2 High-strength aluminum alloy extrusion production process

     High-strength aluminum alloy in the application process has a variety of forms, mainly in the form of aluminum profiles, aluminum plates, 3D printing powder and so on. Among them, aluminum alloy profiles have excellent characteristics such as light weight and high strength, mature welding process, etc. Aluminum profiles can be used as large-scale structural load-bearing parts in the aerospace and rail transportation fields in a large number of applications. The production process of aluminum profiles mainly adopts continuous pultrusion molding process to improve the production efficiency and certain pre-stress orientation to improve the mechanical properties of profiles. In the extrusion process of aluminum profiles, in the continuous extrusion method of multiple extrusion cycles, an interface will be formed between 2 adjacent extruded billets, which increases the extension length of the interface in the profile, because the transverse weld will greatly affect the service life of the aluminum profile, resulting in a sharp decline in fatigue life.

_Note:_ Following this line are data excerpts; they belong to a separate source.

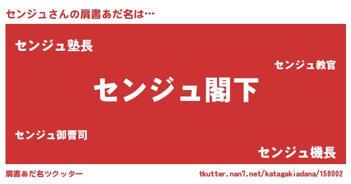 | ヒーロー風カッコイイあだ名 | 『超時空戦士センジュ』『幻影騎士セン』 |
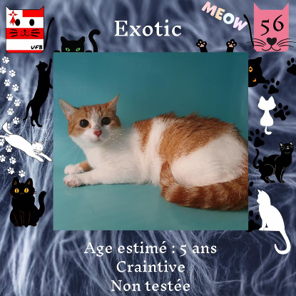 Exotic, femelle de 5 ans craintive (un comportement normal en fourrière) qui vous attend dans une fourrière du 56. ATTENTION SORTIE AU PLUS TARD LE 11/08/2023 (avant euthanasie) !
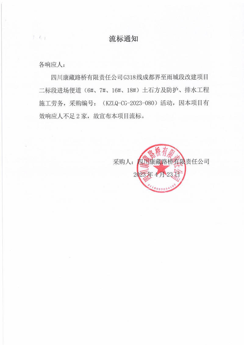 四川康藏路橋有限責(zé)任公司G318線成都至雨城段改建項目二標(biāo)段進場便道(6#、7#、16#、18#)土石方及防護、排水工程施工勞務(wù)流標(biāo)通知
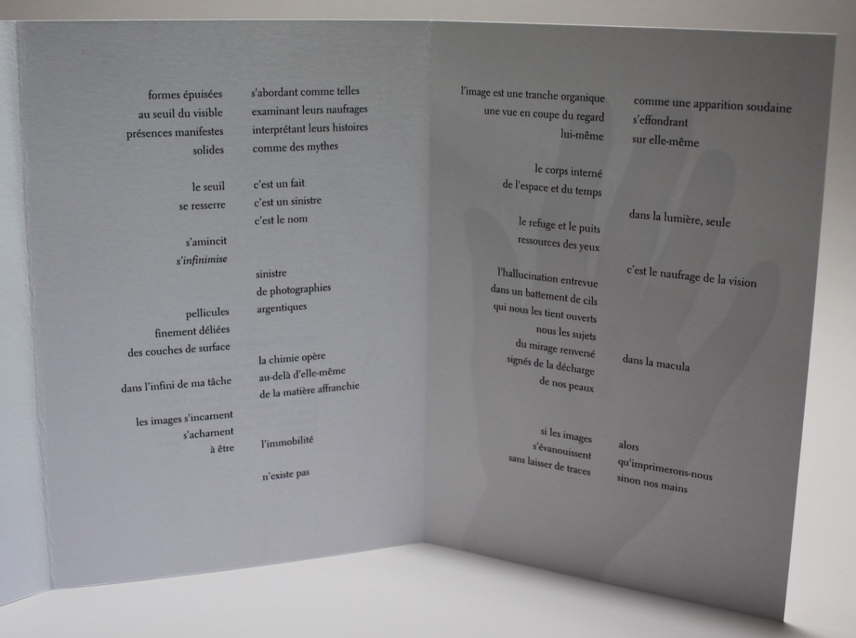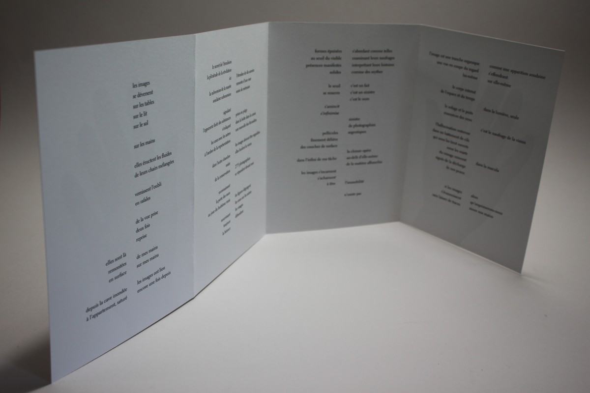 poème et photographie numérique imprimés à l’encre pigmentaire sur Munken Lynx blanc 240g., 6 pages, 3 plis 14x20cm
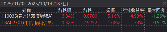 可以关注下易方达双债增强(110035)。作为稳健收益的保守仓位,或者在固收基础上适当增强收益的仓位,都可以考虑一下。基金最大的特点是“双债增强”的投资策略,也就是信用债+可转债,合计投资比例不低于债券资产的80%。截至昨天(10月14日),成立以来累计涨幅达164%,年化收益率超过7.2%。可以说稳定穿越牛熊。
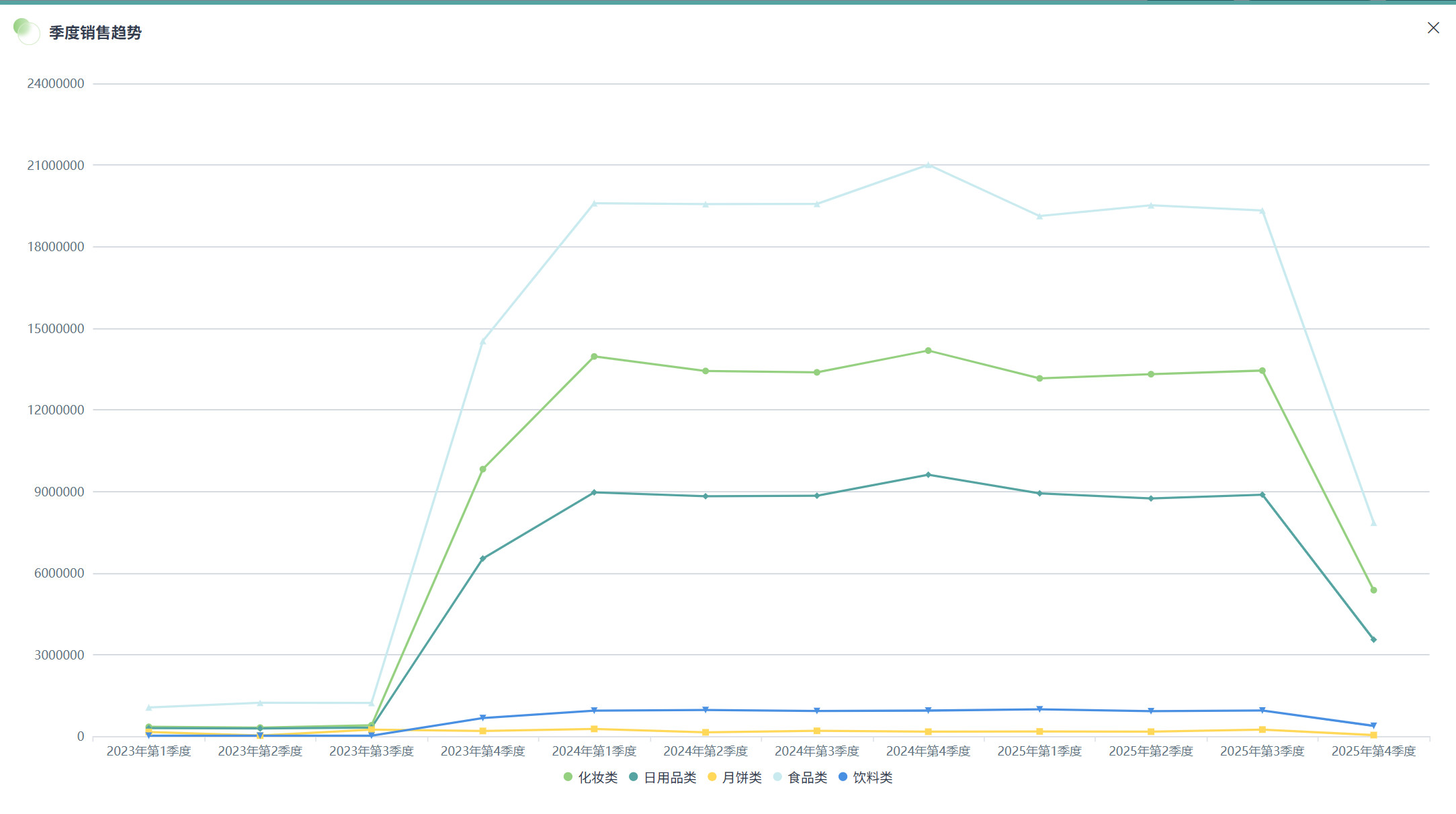 多线图是一种强大的可视化图表,它在同一坐标系中展示多条数据线条,每条线条代表一个数据系列。多线图通过连接各个数据点的线条,不仅能够展示各数据系列随时间或其他有序变量的变化趋势,还能直观地进行多维度数据的对比分析,帮助用户识别不同数据系列之间的关系、差异和变化模式。
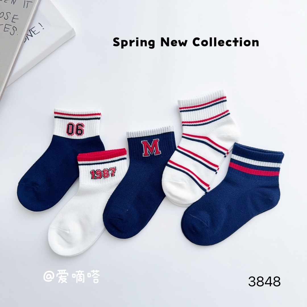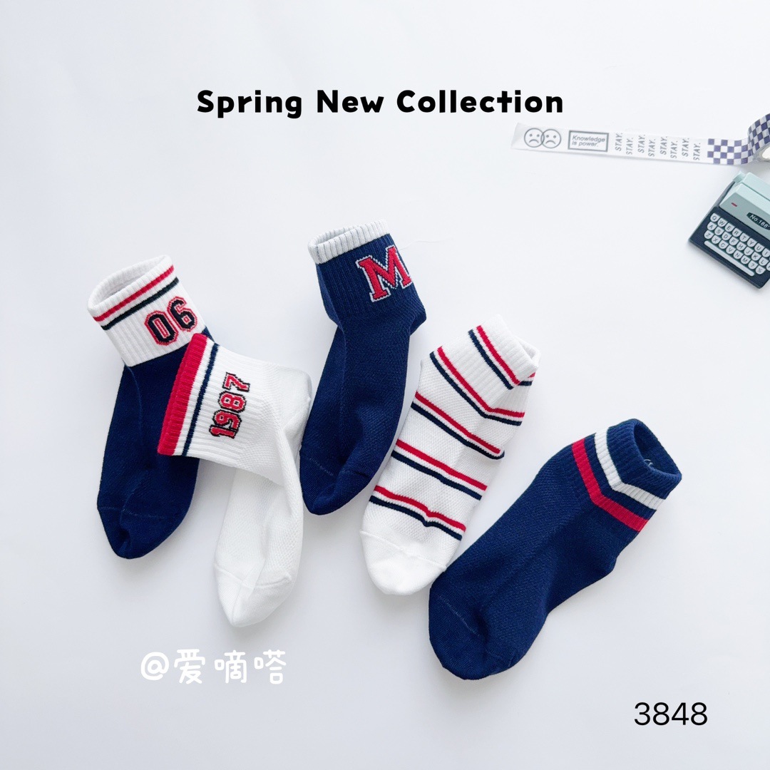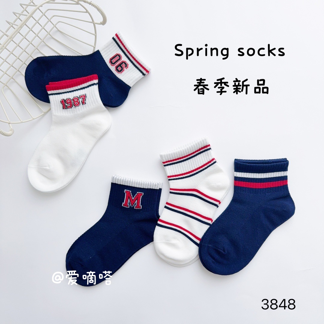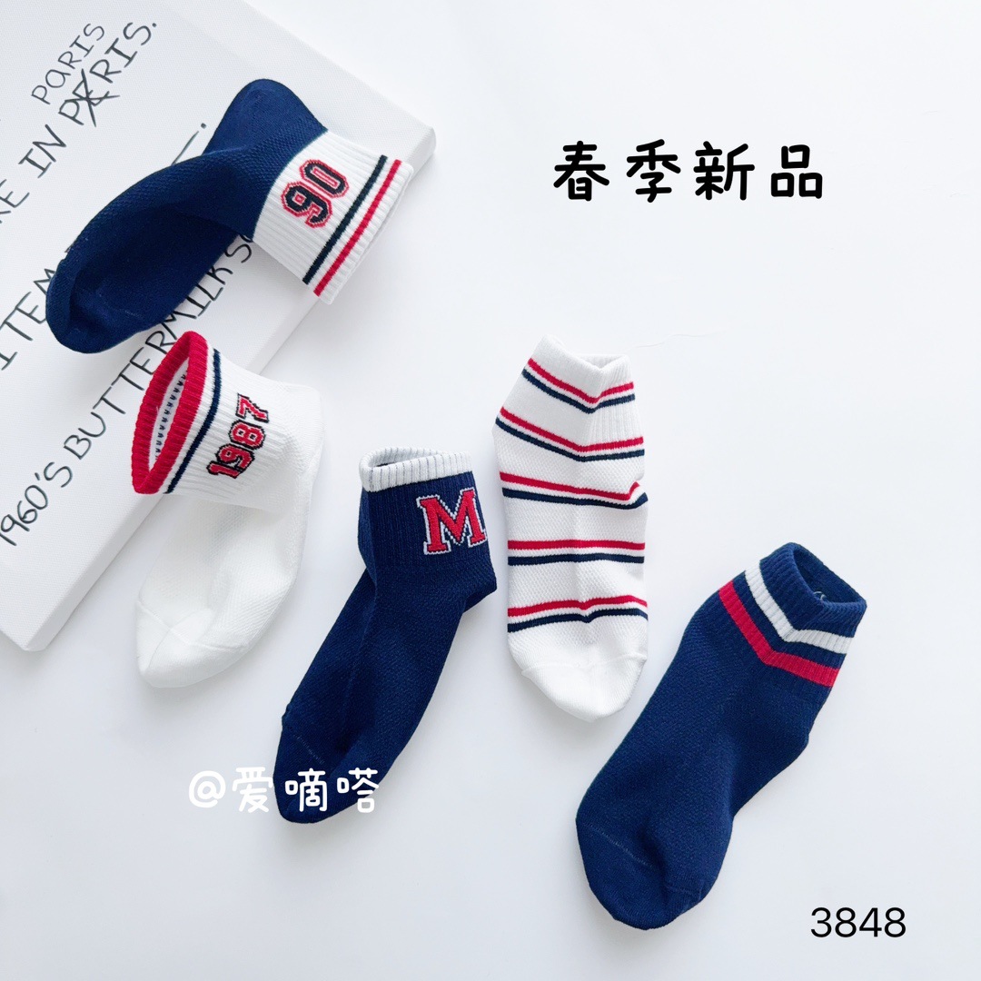 사랑 진드기 어린이 양말 봄과 여름 새로운 빗질면 만화 편지 소년 반 그물 짧은 튜브 양말 학생 양말 한국어 버전

3 High-strength aluminum alloy 3D printing process

     The development of low-cost, high-efficiency and automated high-strength aluminum alloy process technology has been the attention of aerospace, large-scale aluminum alloy or titanium alloy 3D printing technology for the current focus of aerospace attention. 3D printing technology, as a forward-looking strategic technology in our country, has a vital role in the development of engineering applications.

     In the field of aerospace, although there have been a large number of applications of aluminum alloys, but the actual application process compared to titanium alloys and composite materials there are certain disadvantages, such as aluminum alloys exposed to higher than 160 ℃ in the application of mechanical properties and corrosion resistance, fatigue performance will be reduced, and with the prolongation of the use of time will be softened and aging, so to enhance the comprehensive performance of aluminum alloys in the extreme working conditions still need to carry out a lot of work.

     Through the continuous maturation of 3D printing technology, the development of high-strength aluminum alloy powder is also ongoing, and new aluminum alloy materials continue to emerge and continue to refresh the performance of new highs. Aluminum alloy 3D printing development prospects are promising, mainly used in aerospace and military fields.